Relative and Absolute Age

In order to understand how geologists deal with time we first need to understand the concepts of relative age and absolute age.

Relative age -  Relative means that we can determine  if something is younger than or older than something else.  Relative time does not tell how old something is, all we know is the sequence of events.  For example:  the sandstone in this area is older than the limestone.

Absolute age-  Absolute age means that we can more or less precisely assign a number (in years, minutes, seconds, or some other units of time) to the amount of time that has passed.  Thus we can say how old something is.  For example:  The sandstone is 300 million years old.

To better understand these concepts, let's look at an archeological example:  Imagine we are a group of archeologists studying two different trash pits recently discovered.  By carefully digging, we have found that each trash pit shows a sequence of layers.  Although the types of trash in each pit is quite variable, each layer has a distinctive kind of trash that distinguishes it from other layers in the pits.



What can we say and learn from these excavations?

• Relative age of trash layers - Because of the shape of the pits the oldest layers of trash occur below younger layers i.e. the inhabitants of the area likely deposited the trash by throwing it in from the top, eventually filling the pits.  Thus the relative age of the trash layers is, in order from youngest to oldest.:
• 5.25" Disk Layer   -  Youngest
• Al Cans Layer
• Tin Cans Layer
• Ceramic Cups Layer
• Stone Tools Layer  -  Oldest

Notice that at this point we do not know exactly how old any layer really is.
Thus we do not know the absolute age of any given layer.

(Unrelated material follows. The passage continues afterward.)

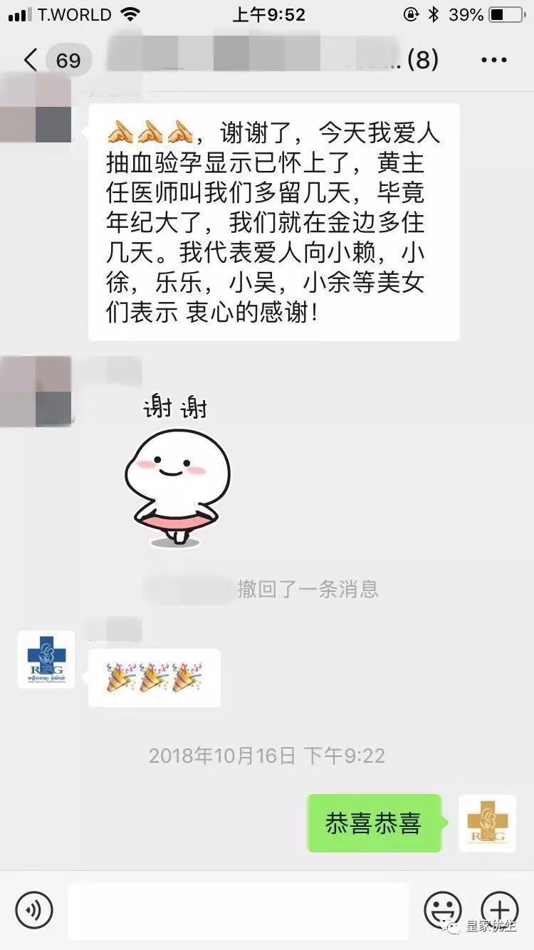 10月9日,W女士在RFG金边医院完成了移植手术,16日HCG值显示成功怀孕。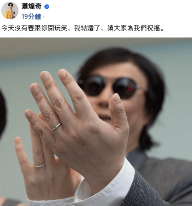 据台媒,8日,歌手萧煌奇晒出无名指婚戒官宣结婚:“今天没有要跟你开玩笑,我结婚了,请大家为我们祝福。”

• The civilizations that deposited the trash had a culture and industrial capabilities that evolved through time.  The oldest inhabitants used primitive stone tools, later inhabitants used cups made of ceramics, even later inhabitants eventually used tin cans and then changed to Aluminum cans, and then they developed a technology that used computers.
• Similar cultures must have existed in both areas and lived at the same time.  Thus we can make correlation's between the layers found at the different sites, by reasoning that layers containing similar discarded items (artifacts) were deposited during the same time period.
• Because the Ceramic Cups layer is found at the Tulane site, but not at the UNO site, the civilization that produced the Ceramic cups probably did not live in the UNO area.  Thus, we can recognize a hiatus, or break in the depositional sequence at the UNO site.  The surface marking in the break in deposition would be called an unconformity in geologic terms, and represents time missing from the depositional record.
• The trash pits contain some clues to absolute age:
• The Tulane trash pit has an old license plate in the Tin Cans layer.  This plate shows a date of 1950, thus the Tin Cans layer is about 48 years old.
• The UNO trash pit has an old newspaper in the Al Cans layer.  The date on the newspaper is Oct. 1, 1978.  Thus the Al Cans layer is about 20 years old.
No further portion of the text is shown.